Meu sonho aos vinte e poucos anos era passar a lua de mel nas Maldivas. Tem quem já tenha em mente o vestido, a igreja, a cor das flores, sem ter o pretendente. Eu não tinha nem namorado, mas o destino estava escolhido. Talvez tenha assistido demais ao “Lagoa Azul” nas sessões da tarde, um filme em que a personagem de Brooke Shields vive de um amor e de uma cabana.
Viciada em revistas sobre viagens, tinha lido sobre as Maldivas, que permaneceram desconhecidas durante décadas, até o advento dos influenciadores. Hoje, tem mais brasileiro que vai a esse arquipélago no Oceano Índico do que à Iguaba. A paisagem idílica foi soterrada por resorts de gosto duvidoso que corromperam a personalidade do lugar.
Quando vejo as fotos de turistas cheios de malas, looks, poses e drones, consigo sentir o aroma cafona de body splash daquela marca americana. Imagino os corais destruídos pelas toneladas de gel de cabelo, camadas de maquiagem e montanhas de lixo produzidos para que cada hóspede tenha uma experiência exclusiva, mas absolutamente igual, sem contato com estranhos, sem conhecer nada da cultura local. Talvez eu seja apenas ranzinza e precise descobrir o prazer que pode haver em viajar umas 20 horas para me trancar dentro de um bangalô com piscina privativa, quando posso estar no meu quarto em Copacabana e também não interagir com ninguém.
Leio que Lençóis Maranhenses desbancaram Fernando de Noronha como destino de luxo. Credo. Estive na região quando tudo ainda era só areia, há cerca de 25 anos. Uma mochila pequena, meia de dúzia de peças de roupa, um par de Havaianas. A luz acabava às 10 da noite, restava o barulho do rio Preguiças e o céu estrelado como se espera de um deserto, ainda que ele não seja assim um deserto. Agora tem beach clubs, bate-estaca, champanhe. Acho que nunca mais volto.
Claro que gosto de conforto, não sou besta. Adoro lençóis de fios egípcios, toalhas feitas com algodão acariciado por lhamas. Desde que tudo não fique com a cara pasteurizada de um restaurante do Itaim. Desde que a beleza natural e a magia de cada um desses lugares não sejam ofuscadas pelo brilho de um vestido de paetê.

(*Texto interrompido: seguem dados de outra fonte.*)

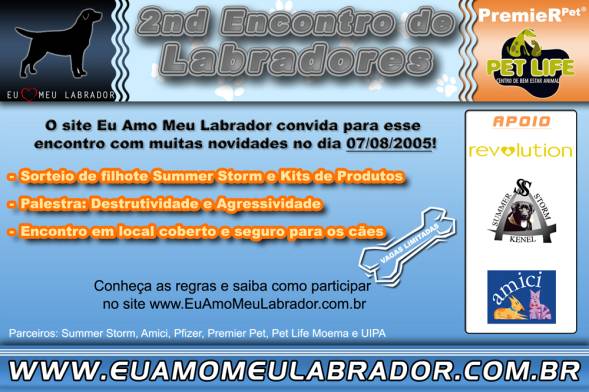 É com imenso prazer que convidamos todos nossos amigos, e verdadeiros amantes da raça LABRADOR, para o 2º encontro a se realizar em SP, o encontro é promovido pelo site www.euamomeulabrador.com.br , e tem o canil SUMMER STORM como parceiros nesta empreirada, vamos prestigiar..., compareça levando consigo 1 saco de ração, e concorra ao sorteio de um filhote lindo que está sendo doado por nosso canil.

Fernando de Noronha, Caraíva, Boipeba, Barra Grande do Piauí, Florianópolis: em todos esses lugares há um rastro da destruição, embora esses destinos estejam cada vez mais embalados em fachadas reluzentes.
Turismo deve ser democrático, acessível a todo tipo de bolso, mas não precisa ser predatório para mostrar que tem qualidade. Estive recentemente no Atacama, apesar de ser um dos destinos mais visitados na América do Sul, parece um pouco parado no tempo. A paisagem se impõe a qualquer tentativa de ostentação. O hotel em que me hospedei tinha uma fachada tão simples e discreta, que poderia ser uma hospedaria para mochileiros. Os bangalôs se misturavam à paisagem e o luxo só dava às caras nos detalhes. Não sei se os chilenos entenderam que o turismo deve ser mais discreto do que a natureza. O fato é que quase não vi influenciadores e celebridades, que parecem gafanhotos que arrasam a pureza dos lugares por onde passam com seus looks do dia, suas fotos posadas, suas caras de tédio. Alguém, por favor, me explica por que essa gente está sempre com a cara de que tá segurando um pum?